However, as the Group’s financial statements have identified material uncertainties giving rise to significant doubt over the Group’s ability to continue as a going concern, given the Company’s reliance on the Group as set out above, this in turn gives rise to a material uncertainty relating to events and circumstances which may cast significant doubt about the Company’s ability to continue as a going concern and, therefore, that the Company may be unable to realise its assets and discharge its liabilities in the normal course of business. The financial statements do not include any adjustments which would be required if the going concern basis of preparation were to be deemed inappropriate.
The Company has applied FRS101 – Reduced Disclosure Framework in the preparation of its financial statements. The Company has prepared and presented these financial statements by applying the recognition, measurement and disclosure requirements of international accounting standards in conformity with the requirements of the Companies Act 2006.
The Company's ultimate parent undertaking, Capita plc, includes the Company in its consolidated statements.
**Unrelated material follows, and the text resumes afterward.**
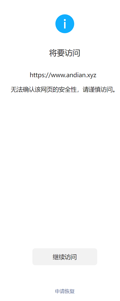 您好,域名(https://www.andian.xyz),本地生活多商家平台,域名在华为云云注册并备案通过浏览器访问正常,我是网站开发者,访问时间如图2025/07/02,微信访问网站出现“无法确认该网页的安全性,请谨慎访问”,经检查网页里没有不安全的内容,请核实后帮忙解除拦截,谢谢!

The consolidated financial statements are prepared in accordance with international accounting standards in conformity with the requirements of the Companies Act 2006 and International Financial Reporting Standards (IFRSs) adopted pursuant to Regulation (EC) No 1606/2002 as it applies in the European Union and are available to the public and may be obtained from Capita plc’s website on https://www.capita.com/investors.
In these financial statements, the Company has applied the disclosure exemptions available under FRS 101 in respect of the following disclosures:
A cash flow statement and related notes;
Comparative period reconciliations for share capital, tangible fixed assets and intangible assets;
Disclosures in respect of transactions with wholly owned subsidiaries;
Disclosures in respect of capital management;
The effects of new but not yet effective IFRSs;
An additional balance sheet for the beginning of the earliest comparative period following the retrospective change in accounting policy;
Certain disclosures as required by IFRS 15 - Revenue from contracts;
Certain disclosures in respect of IFRS 16 - Leases; and
Disclosures in respect of the compensation of key management personnel.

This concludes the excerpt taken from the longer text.